> _Input data_
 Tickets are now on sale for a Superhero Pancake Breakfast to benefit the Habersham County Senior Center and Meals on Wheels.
...
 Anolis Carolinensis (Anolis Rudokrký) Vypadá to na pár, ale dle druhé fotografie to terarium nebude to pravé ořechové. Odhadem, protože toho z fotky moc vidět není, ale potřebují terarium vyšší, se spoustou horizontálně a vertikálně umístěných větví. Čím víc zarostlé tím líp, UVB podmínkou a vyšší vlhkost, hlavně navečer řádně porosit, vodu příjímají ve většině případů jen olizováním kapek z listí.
==
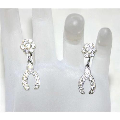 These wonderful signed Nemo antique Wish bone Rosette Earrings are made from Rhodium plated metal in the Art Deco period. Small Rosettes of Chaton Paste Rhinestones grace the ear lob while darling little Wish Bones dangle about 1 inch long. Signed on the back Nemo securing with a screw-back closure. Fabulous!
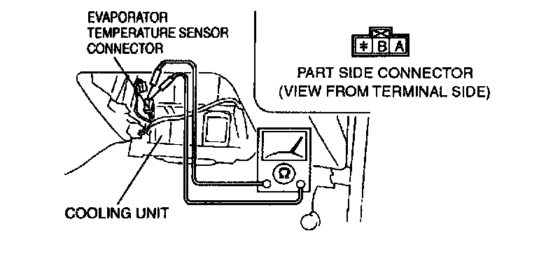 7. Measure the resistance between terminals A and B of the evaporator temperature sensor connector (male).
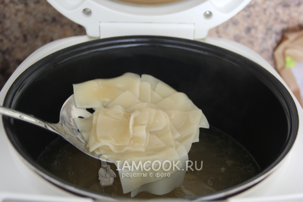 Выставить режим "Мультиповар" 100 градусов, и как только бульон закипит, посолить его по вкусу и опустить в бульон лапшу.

> _Task to carry out_
Leaving each picture behind, please give again exactly the lines above from the one with "7. Measure the" through the one with "в бульон лапшу.", both included, and no others.

> _Answer section_
 7. Measure the resistance between terminals A and B of the evaporator temperature sensor connector (male).
 Выставить режим "Мультиповар" 100 градусов, и как только бульон закипит, посолить его по вкусу и опустить в бульон лапшу.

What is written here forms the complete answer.